How to do without quadratic formula? For the reaction #"CO"(g) + "NH"_3(g) rightleftharpoons "HCONH"_2(g)#, #K_c = 0.620#

I think you mean without using the quadratic formula. It depends on the problem, but maybe...

So, the method I often see is the "ICE" table method:

.........#CO+NH_3<=>HCONH_2#
I.....#"|"# 1.00.......2.00...........0.00
C...#"|"# -x............-2x............+x
E...#"|"# 1.00-x....2.00-2x.....x

When you write out the equilibrium expression, you get:

#K_c = 0.620 = ([HCONH_2])/([CO][NH_3])=(x)/((1-x)(2-x)) = x/(2-3x+x^2)#

#K_c = 0.620 = x/(x^2-3x+2)#
#0.620x^2-1.86x+1.24 = x#
#0.620x^2-2.86x+1.24 = 0#
#0.310x^2-1.43x+0.620 = 0#
#31.0x^2-143x+62.0 = 0#

You can't really do this without the quadratic formula. 143 does not share factors with 31 and 62 (its factors are 11 and 13, and not 31 or 2).
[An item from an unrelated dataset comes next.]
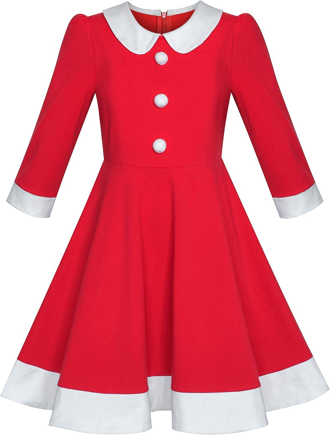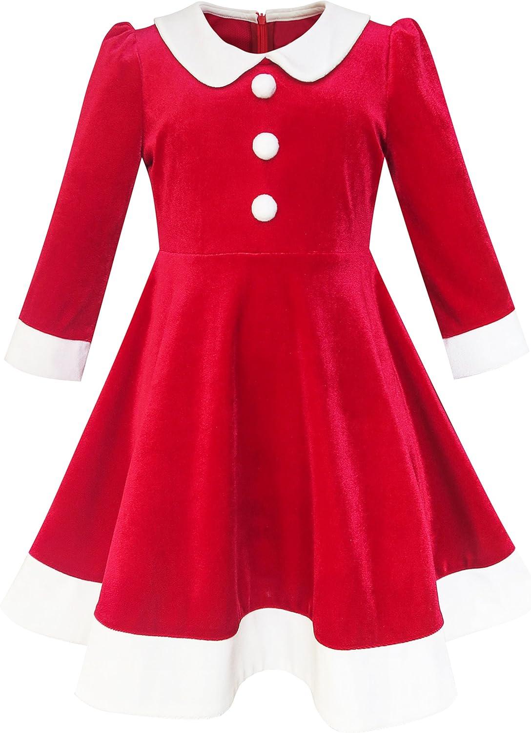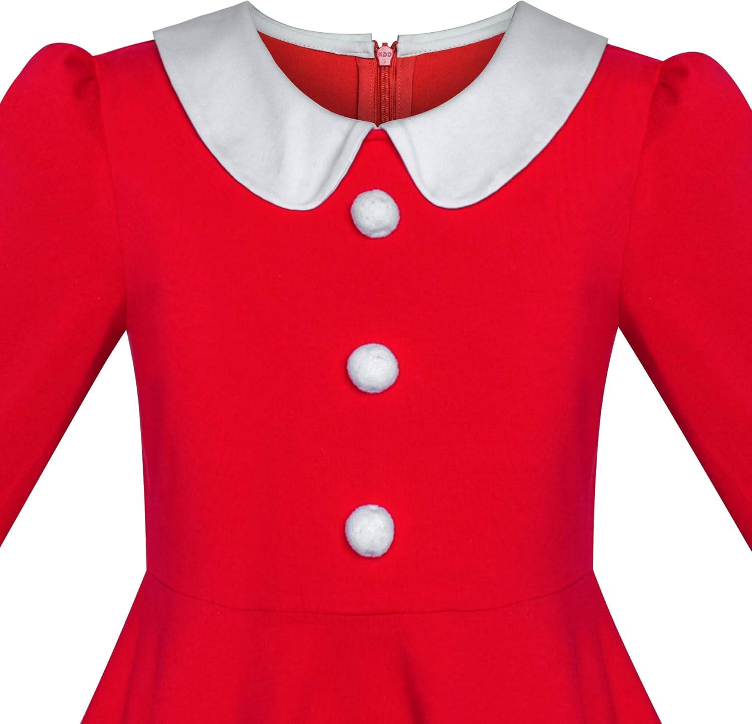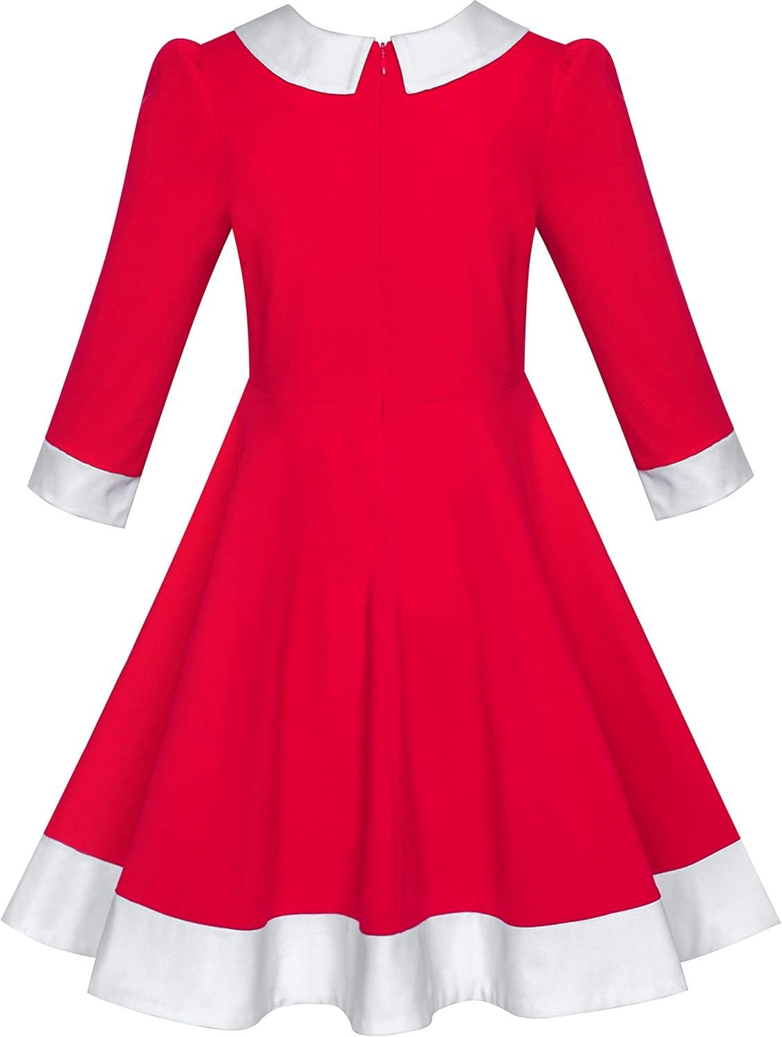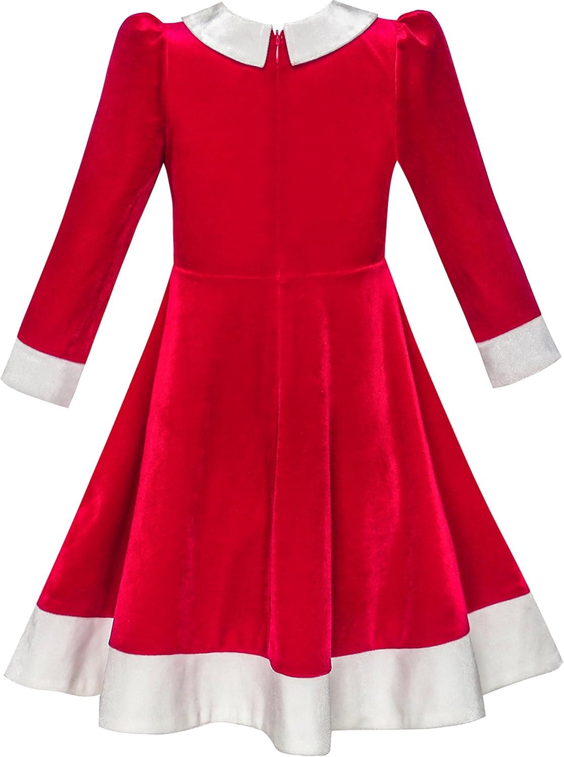 - Sunny Fashion Girls Dress Christmas Hat Red Velvet Long Sleeve Holiday Size 4-14(Red White Collar)

So:

#(-(-1.43)pmsqrt((-1.43)^2-4*0.310*0.620))/(2*0.310)#
#=(1.43pmsqrt(~1.28))/(0.620)#
#=(1.43pm~1.13)/(0.620)#
#=4.13 "M"#
#=0.484 "M"#

Then you plug into an expression for one of the compounds, like #1.00-x#, and #0.484 "M"# works.

Checking the equilibrium expression:
#K_c = 0.620 = (0.484)/((1.00-0.484)(2.00-0.484)) ~~ 0.620#

...and yep, it will be #0.484 "M"# #HCONH_2# at equilibrium.